Credit: The National Archives (UK)
WWI turned Europe from a land of powerful empires to a patchwork of small, often weak nation states. No area in Europe reflects that change more dramatically than the Balkans, where the Austro-Hungarian and Ottoman empires gave way to dozens of small states (ref. The Balkans: A Short History by Mark Mazower). It was only through economic unification and close collaboration amongst the resulting nation states that Europe put eventually put tension and armed conflicts behind her and states and people prospered (ref. World Order by Henry Kissinger).

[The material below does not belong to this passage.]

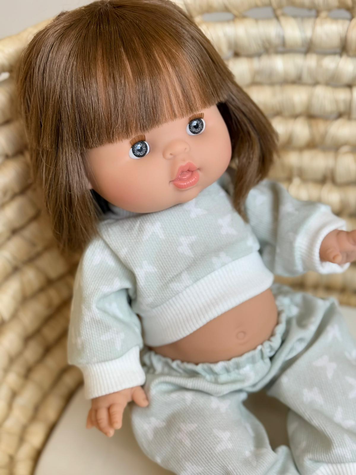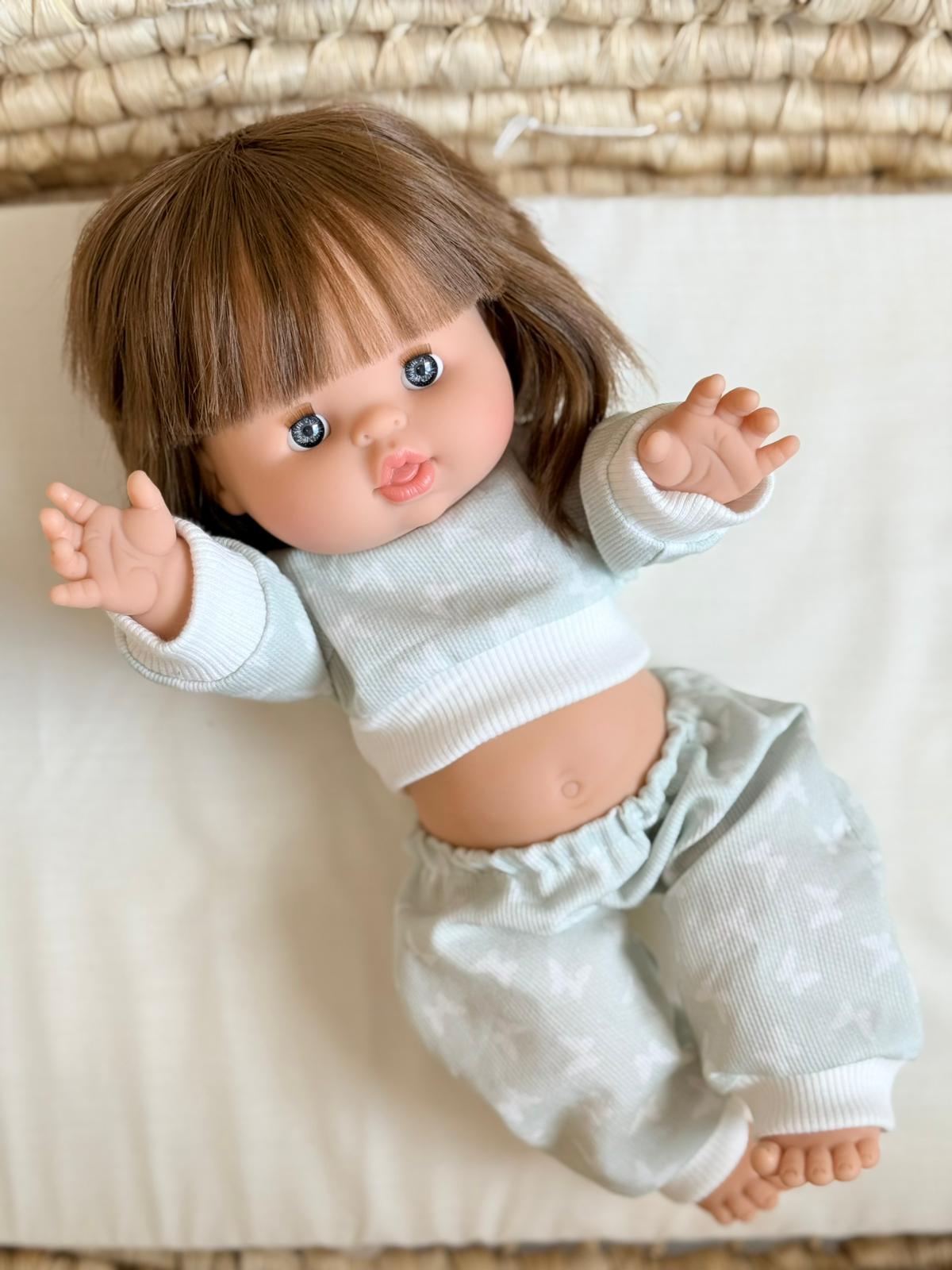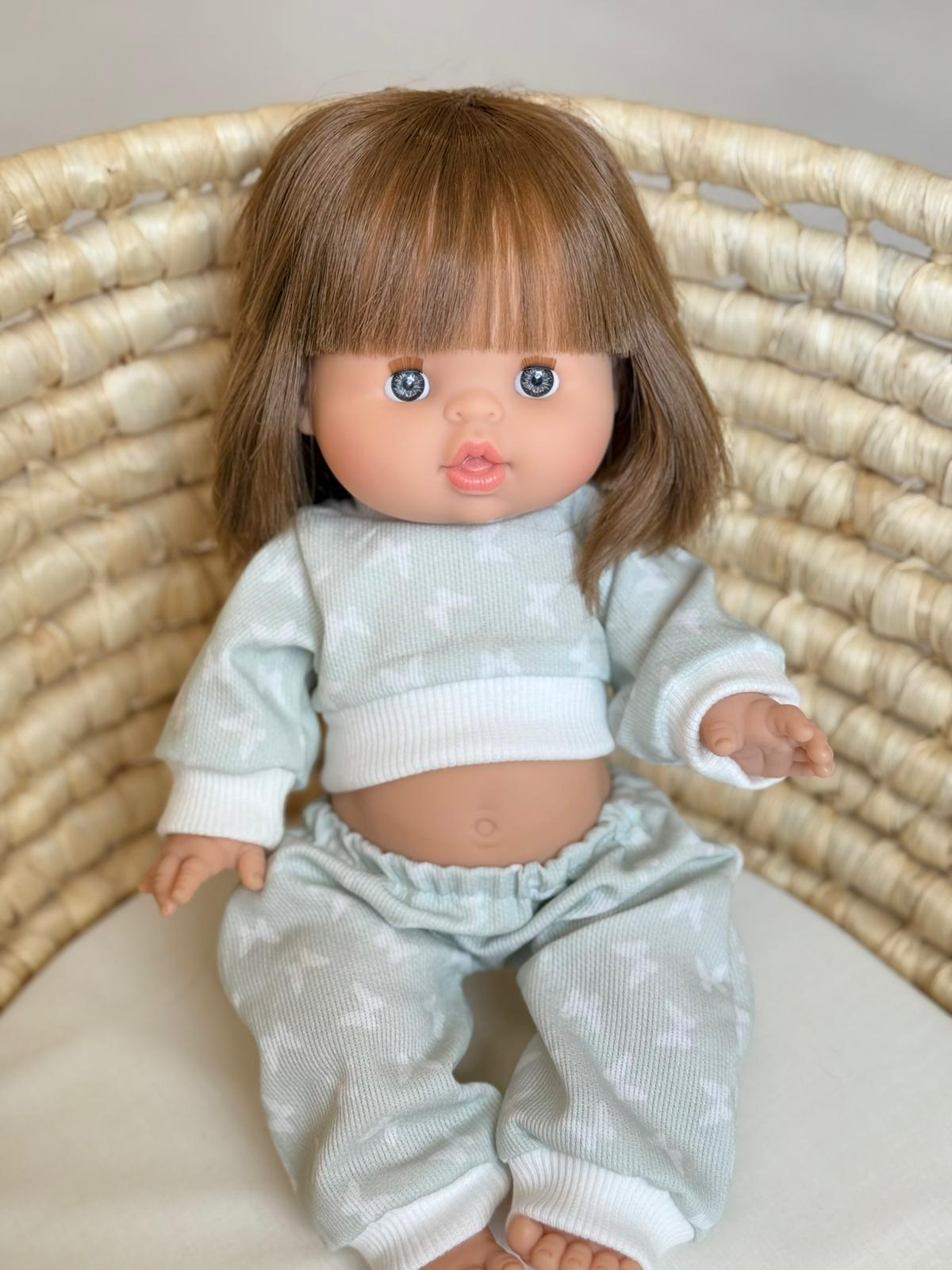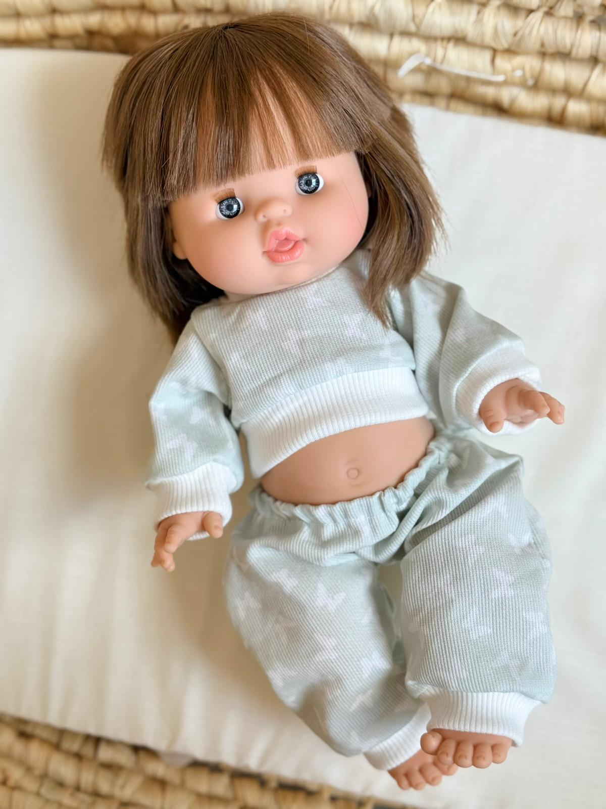 Uroczy komplet dresowy w pastelowej, miętowej tonacji z subtelnym wzorem. Składa się z bluzy zapinanej na wygodny rzep – łatwej do założenia nawet dla małych rączek – oraz spodni na gumce. Całość wykonana z miękkiego, prążkowanego materiału, który zapewnia komfort i styl. Komplet pasuje na lalki Minikane i Paola Reina (34 cm) oraz Miniland (38 cm).

Without intending to trivialize the importance and terrible toll of the Great War, I cannot help but notice some parallels with the data storage industry today. Until only a few years ago, this industry was dominated by a few major players (the equivalent of Empires) that provided storage products and solutions to Enterprise IT using stringent and prescriptive approaches: tightly controlled hardware, well-tested recipes for software, two data-access protocols – block and file. That was the model for providing storage for the so-called “second platform”—enterprise applications and automation that followed the typical client-server model. It was a simple world, and the control of the big players absolute.
The Third Platform
That was the world order until the 2000s, when a wave of rapid technological evolution emerged to meet the needs of cloud-scale applications and use cases that ranged from search engines to new ecommerce models and social media. This is the era of ubiquitous web services, big data and analytics. The combustion engine and the electric telegraph changed the socioeconomic order of the world in the turn of the 20th century. In a similar fashion, the turn of the 21st century witnessed the rapid introduction of new technologies for application-oriented storage including MapReduce, GFS, and their open-source counterparts (Hadoop, HDFS ) as well as a myriad of new-generation databases which deviate from the traditional RDBMS model (e.g., HBase, Hive, Cassandra, MongoDB).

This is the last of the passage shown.